Directions:
Once the line containing "本赛季参与进球榜:姆巴佩、凯" is reached in the listing below, reproduce it and all later lines through the final one exactly, but omit any pictures.

Available data:
+++
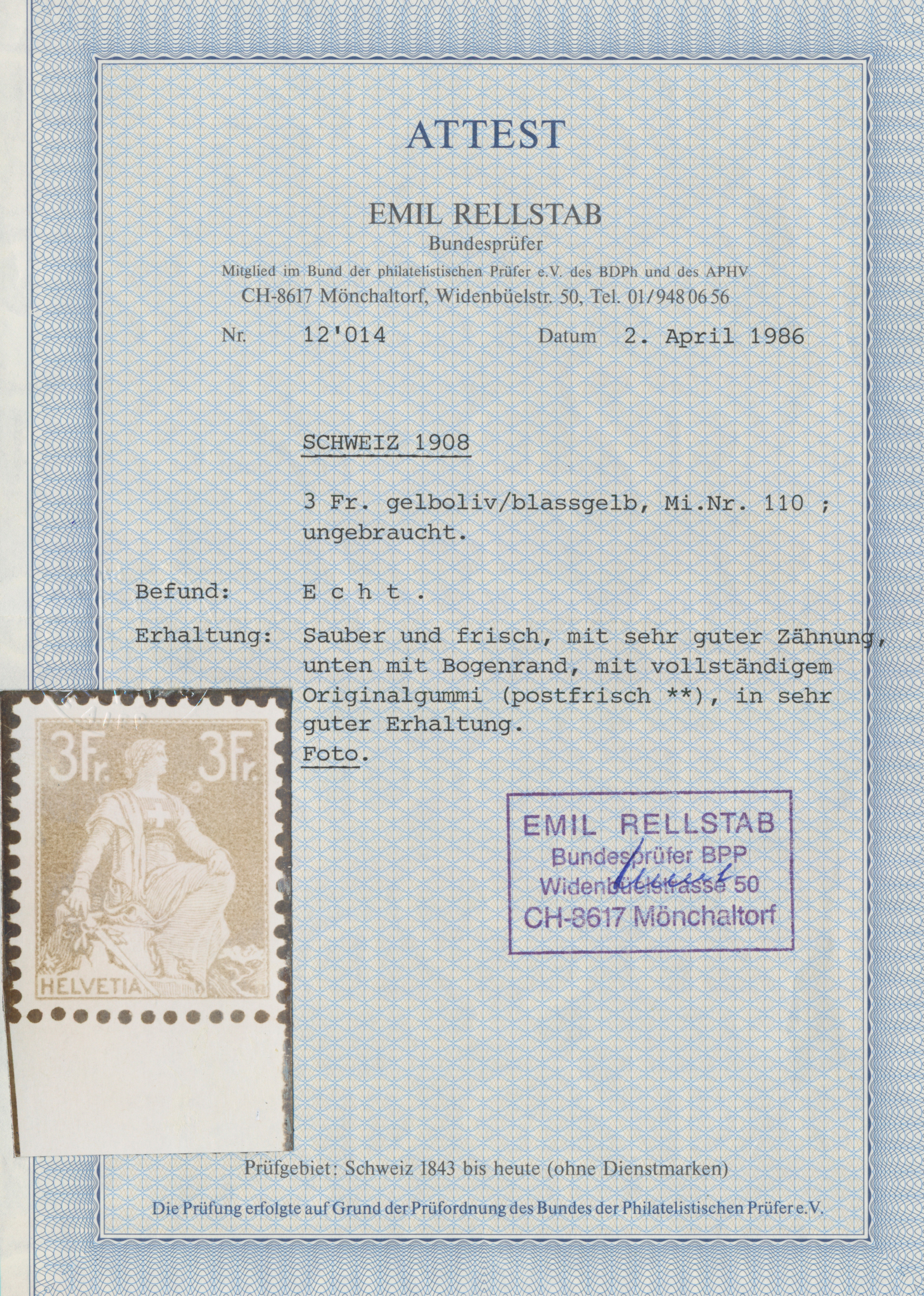 1908 3 Fr. mit Bogenrand unten sowie 70 Rp. jeweils tadellos postfrisch. Attest Rellstab für 3 Fr. (Mi. 1200,- €)
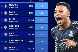 本赛季参与进球榜:姆巴佩、凯恩43球,哈兰德、青木、亚马尔在列体育资讯2月10日讯《转会市场》也统计了五大联赛球员本赛季各项赛事参与进球情况,姆巴佩和凯恩43球并列最多。本赛季五大联赛球员各项赛事参与进球榜:1.姆巴佩(皇马),31场,38球+5助攻=43球2.凯
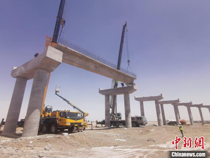 據(jù)介紹,跨青藏鐵路轉(zhuǎn)體橋梁設(shè)計(jì)長(zhǎng)度687米,分主橋和引橋兩部分,引橋共設(shè)計(jì)箱梁116片。預(yù)制箱梁架設(shè)屬于高風(fēng)險(xiǎn)施工,本次架設(shè)的首片箱梁設(shè)計(jì)長(zhǎng)度20米,重量55噸,采用兩臺(tái)大型汽車(chē)吊協(xié)同作業(yè)完成架設(shè)。
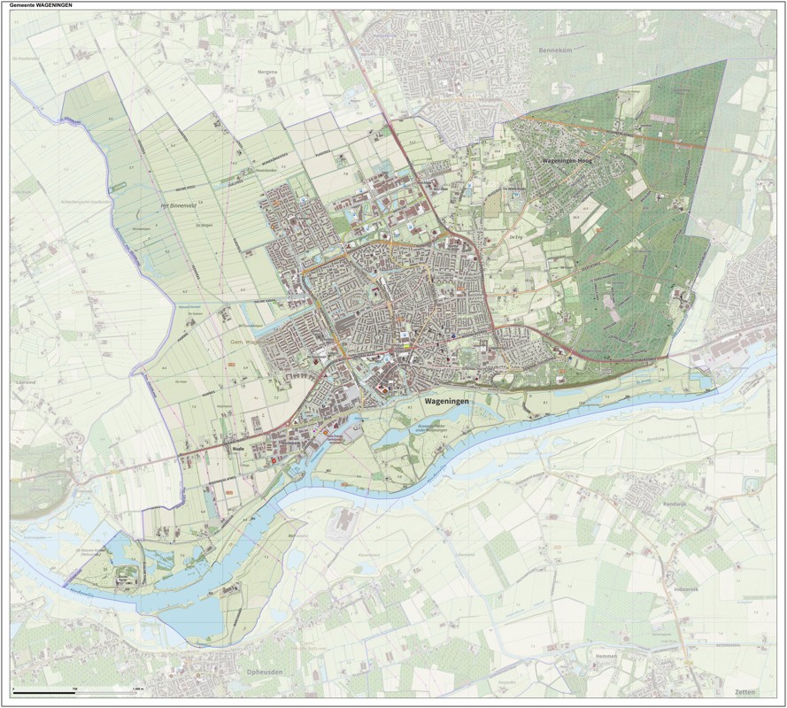Gemeentekaart Wageningen, volgens de veelgebruikte TopoPlus-opmaak. Peildatum: juni 2023.
+++
Result:
 本赛季参与进球榜:姆巴佩、凯恩43球,哈兰德、青木、亚马尔在列体育资讯2月10日讯《转会市场》也统计了五大联赛球员本赛季各项赛事参与进球情况,姆巴佩和凯恩43球并列最多。本赛季五大联赛球员各项赛事参与进球榜:1.姆巴佩(皇马),31场,38球+5助攻=43球2.凯
 據(jù)介紹,跨青藏鐵路轉(zhuǎn)體橋梁設(shè)計(jì)長(zhǎng)度687米,分主橋和引橋兩部分,引橋共設(shè)計(jì)箱梁116片。預(yù)制箱梁架設(shè)屬于高風(fēng)險(xiǎn)施工,本次架設(shè)的首片箱梁設(shè)計(jì)長(zhǎng)度20米,重量55噸,采用兩臺(tái)大型汽車(chē)吊協(xié)同作業(yè)完成架設(shè)。
Gemeentekaart Wageningen, volgens de veelgebruikte TopoPlus-opmaak. Peildatum: juni 2023.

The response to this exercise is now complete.